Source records
______

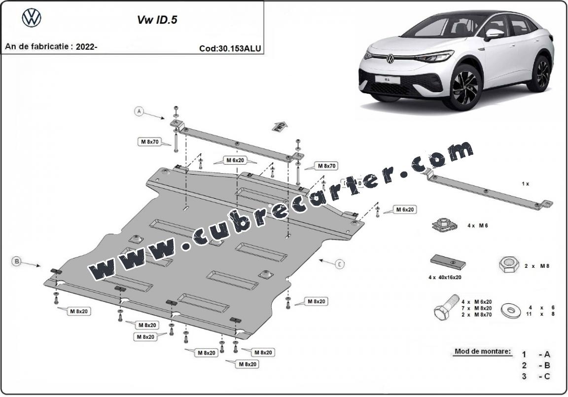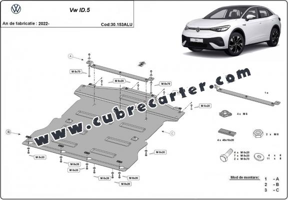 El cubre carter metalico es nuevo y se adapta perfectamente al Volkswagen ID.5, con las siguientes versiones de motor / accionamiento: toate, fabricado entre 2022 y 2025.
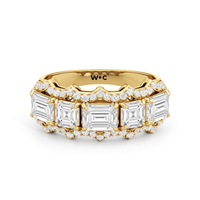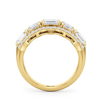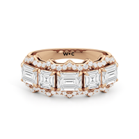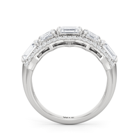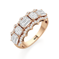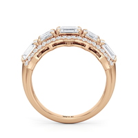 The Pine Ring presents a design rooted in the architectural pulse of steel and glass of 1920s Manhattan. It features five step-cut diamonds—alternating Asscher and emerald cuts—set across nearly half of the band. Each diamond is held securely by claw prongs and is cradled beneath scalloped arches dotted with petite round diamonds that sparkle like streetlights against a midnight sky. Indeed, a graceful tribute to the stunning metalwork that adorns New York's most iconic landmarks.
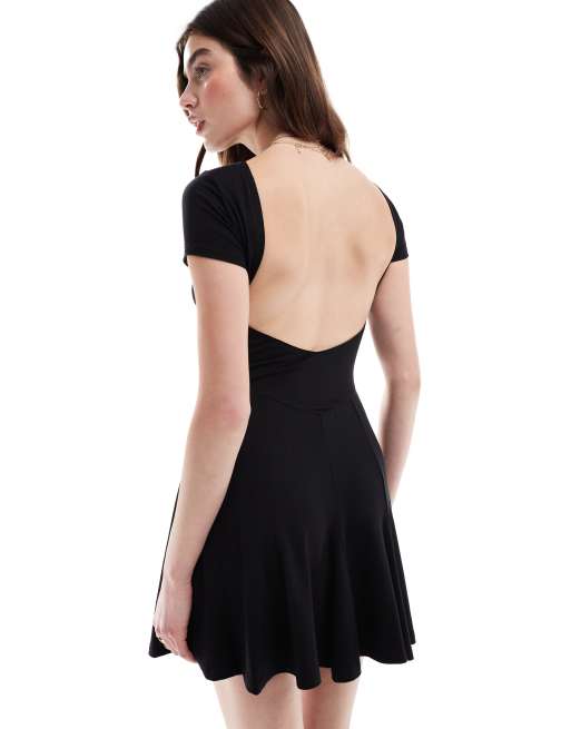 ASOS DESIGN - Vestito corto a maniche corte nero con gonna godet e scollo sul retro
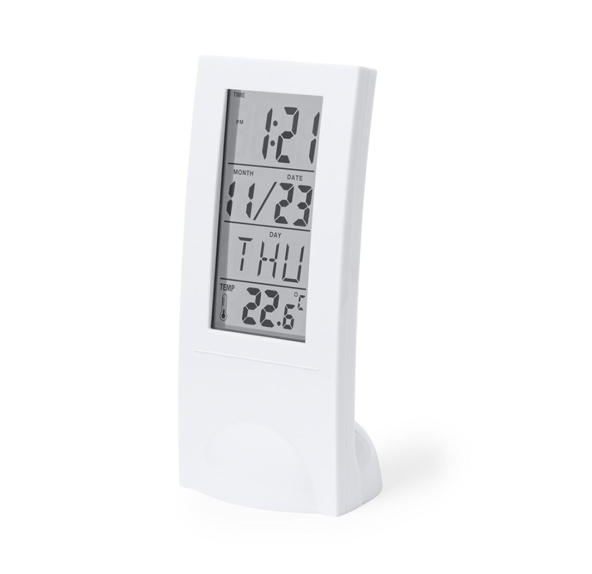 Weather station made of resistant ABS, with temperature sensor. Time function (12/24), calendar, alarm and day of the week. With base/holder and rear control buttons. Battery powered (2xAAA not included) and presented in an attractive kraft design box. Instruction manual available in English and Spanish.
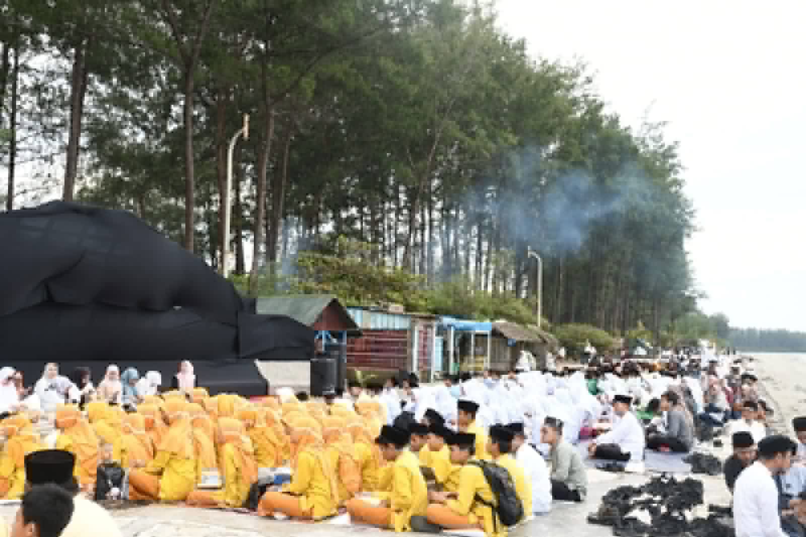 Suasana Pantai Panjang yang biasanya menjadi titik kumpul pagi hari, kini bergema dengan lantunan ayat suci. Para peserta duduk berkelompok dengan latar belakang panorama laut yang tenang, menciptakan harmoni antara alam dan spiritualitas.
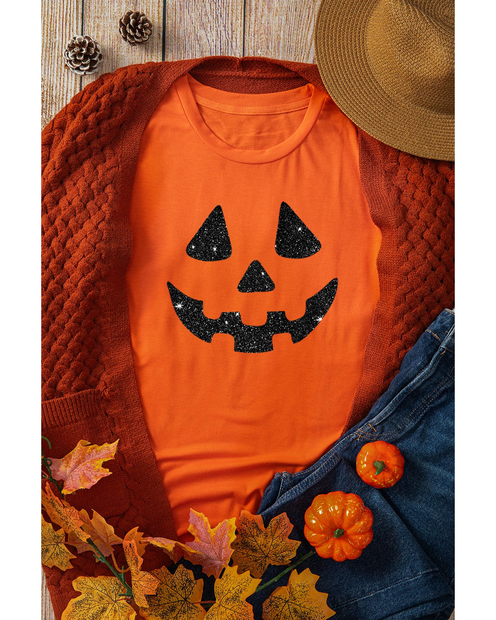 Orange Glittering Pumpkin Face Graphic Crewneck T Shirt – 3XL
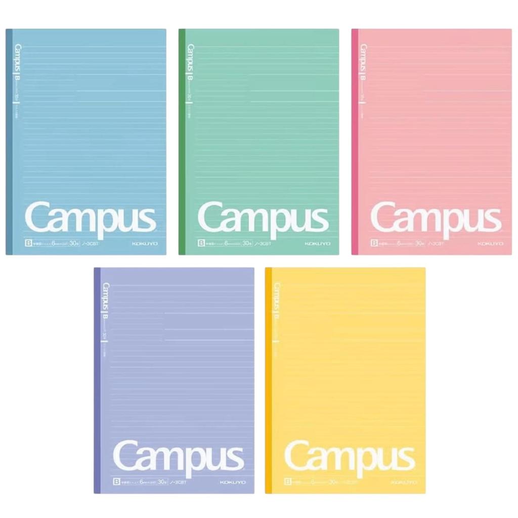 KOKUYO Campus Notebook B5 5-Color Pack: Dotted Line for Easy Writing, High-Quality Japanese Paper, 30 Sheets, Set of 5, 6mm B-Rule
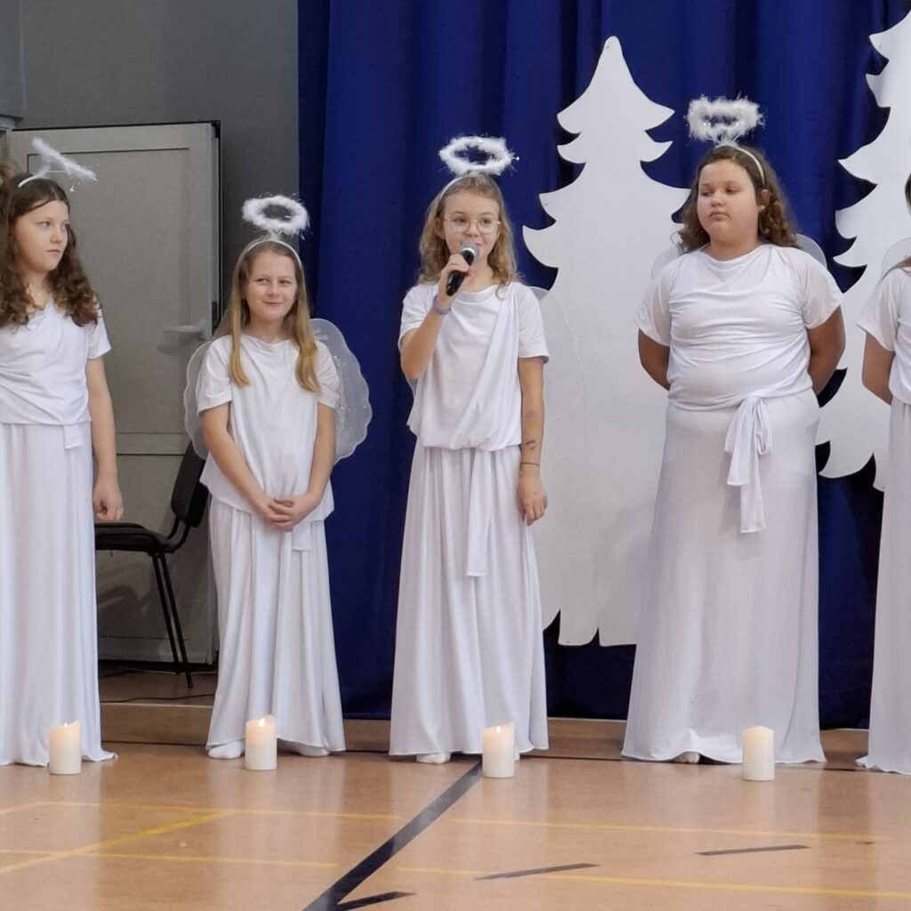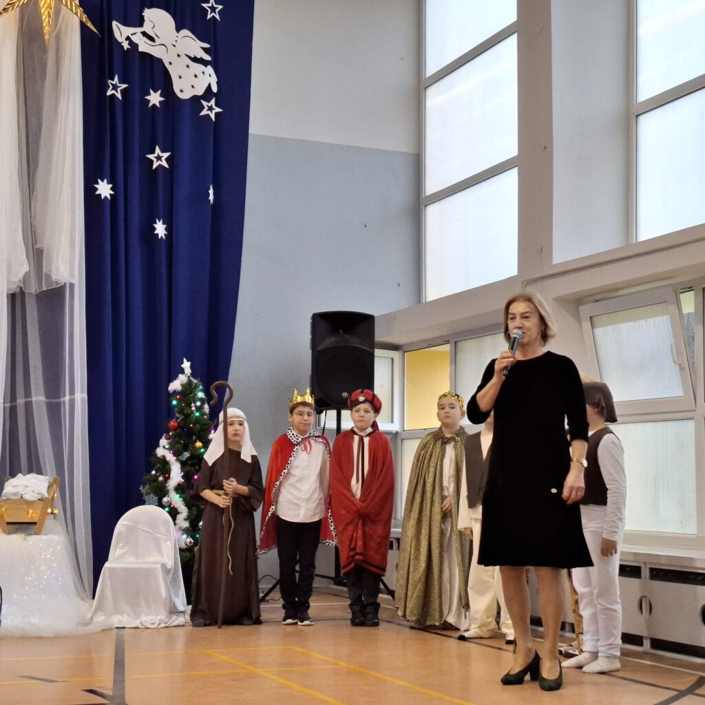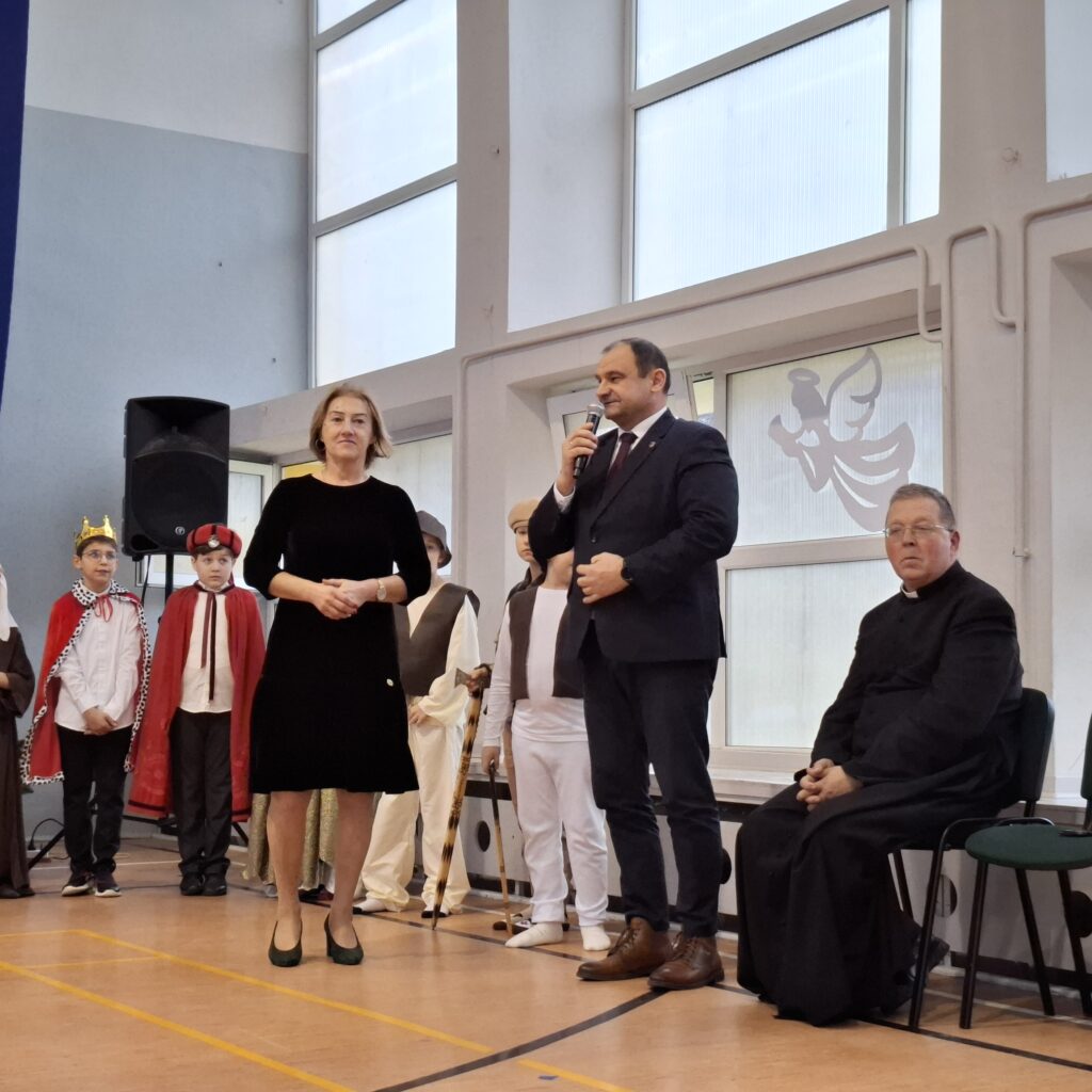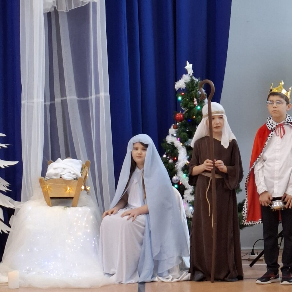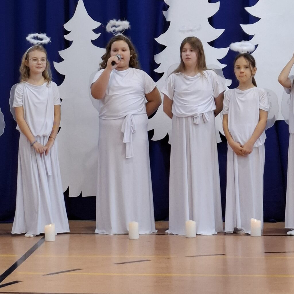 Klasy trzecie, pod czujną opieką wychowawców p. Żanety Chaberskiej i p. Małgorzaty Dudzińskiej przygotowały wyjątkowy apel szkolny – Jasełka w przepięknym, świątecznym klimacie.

______

What is needed is an exact reprint of every entry, pictures excluded.

Response to this exercise
 El cubre carter metalico es nuevo y se adapta perfectamente al Volkswagen ID.5, con las siguientes versiones de motor / accionamiento: toate, fabricado entre 2022 y 2025.
 The Pine Ring presents a design rooted in the architectural pulse of steel and glass of 1920s Manhattan. It features five step-cut diamonds—alternating Asscher and emerald cuts—set across nearly half of the band. Each diamond is held securely by claw prongs and is cradled beneath scalloped arches dotted with petite round diamonds that sparkle like streetlights against a midnight sky. Indeed, a graceful tribute to the stunning metalwork that adorns New York's most iconic landmarks.
 ASOS DESIGN - Vestito corto a maniche corte nero con gonna godet e scollo sul retro
 Weather station made of resistant ABS, with temperature sensor. Time function (12/24), calendar, alarm and day of the week. With base/holder and rear control buttons. Battery powered (2xAAA not included) and presented in an attractive kraft design box. Instruction manual available in English and Spanish.
 Suasana Pantai Panjang yang biasanya menjadi titik kumpul pagi hari, kini bergema dengan lantunan ayat suci. Para peserta duduk berkelompok dengan latar belakang panorama laut yang tenang, menciptakan harmoni antara alam dan spiritualitas.
 Orange Glittering Pumpkin Face Graphic Crewneck T Shirt – 3XL
 KOKUYO Campus Notebook B5 5-Color Pack: Dotted Line for Easy Writing, High-Quality Japanese Paper, 30 Sheets, Set of 5, 6mm B-Rule
 Klasy trzecie, pod czujną opieką wychowawców p. Żanety Chaberskiej i p. Małgorzaty Dudzińskiej przygotowały wyjątkowy apel szkolny – Jasełka w przepięknym, świątecznym klimacie.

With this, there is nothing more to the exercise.